Photo and link scans over Messenger

Another privacy-related revelation over the past week: Facebook scans images and links sent between users via Messenger, according to Bloomberg. The company says the practice is done in order to flag content that doesn’t adhere to the platform’s standards. While the practice might sound good in theory, some users took issue with it at a time when Facebook’s ability to uphold privacy is under scrutiny.

Facebook stands by the measure. “For example, on Messenger, when you send a photo, our automated systems scan it using photo matching technology to detect known child exploitation imagery or when you send a link, we scan it for malware or viruses,” a Facebook Messenger spokeswoman told Bloomberg. “Facebook designed these automated tools so we can rapidly stop abusive behavior on our platform.”

Spreading hate speech in Myanmar

Once again, Zuckerberg came under fire this week after he told Vox’s Ezra Klein that Facebook helped snuff out anti-Rohingya propaganda through the Messenger scans mentioned above.
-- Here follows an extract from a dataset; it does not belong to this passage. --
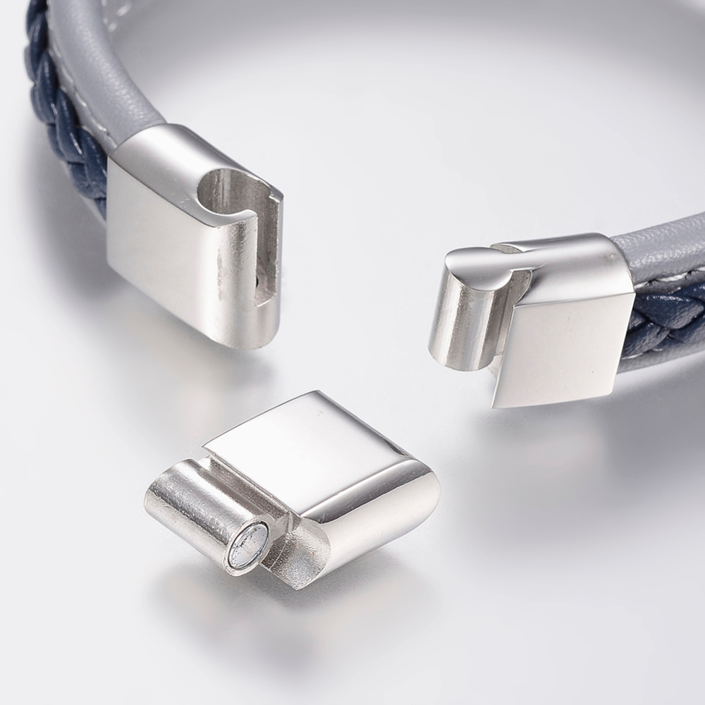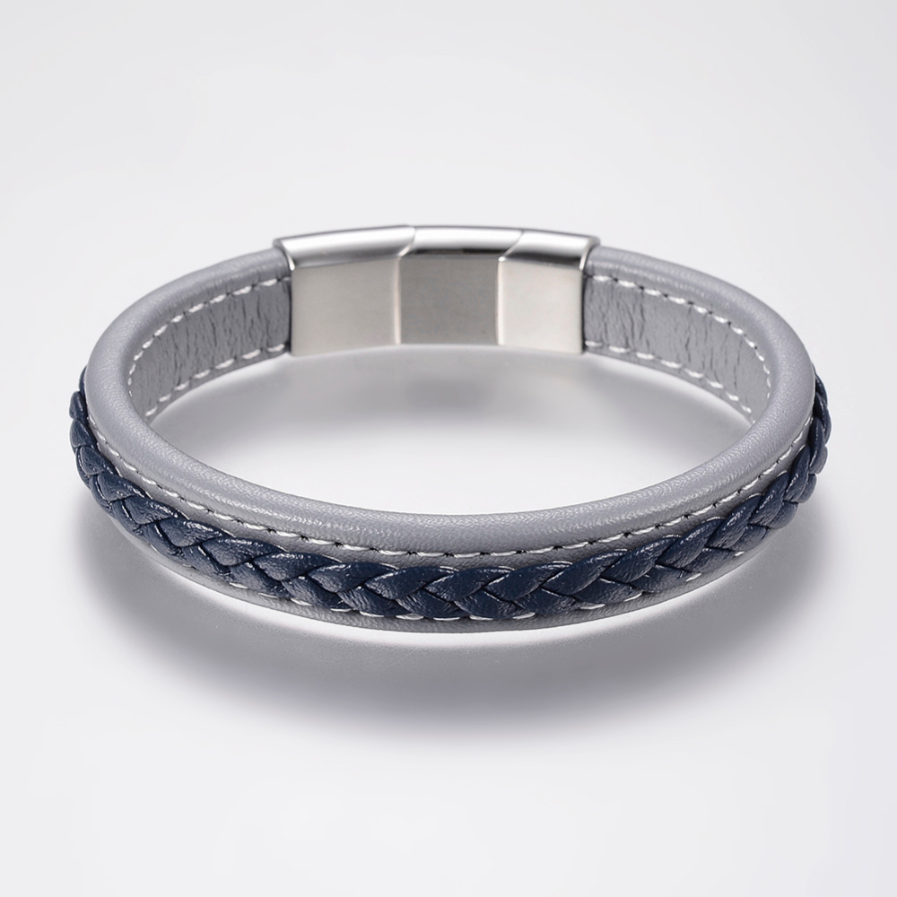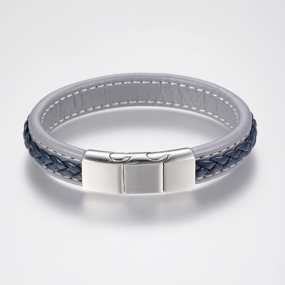 This gray and blue unisex leather bracelet is on trend. It is made from dark blue and light gray leather with a stainless steel clasp. The center is braided blue leather with gray leather edges.

While conceding that users can take advantage of Facebook’s tools, Zuckerberg said, “In that case, our systems detect that that’s going on. We stop those messages from going through.”

In response, six organizations in Myanmar signed a letter to Zuckerberg rejecting the CEO’s claim. “The Messenger platform (at least in Myanmar) does not provide a reporting function, which would have enabled concerned individuals to flag the messages to you,” the letter read. “Though these dangerous messages were deliberately pushed to large numbers of people – many people who received them say they did not personally know the sender – your team did not seem to have picked up on the pattern. For all of your data, it would seem that it was our personal connection with senior members of your team which led to the issue being dealt with.”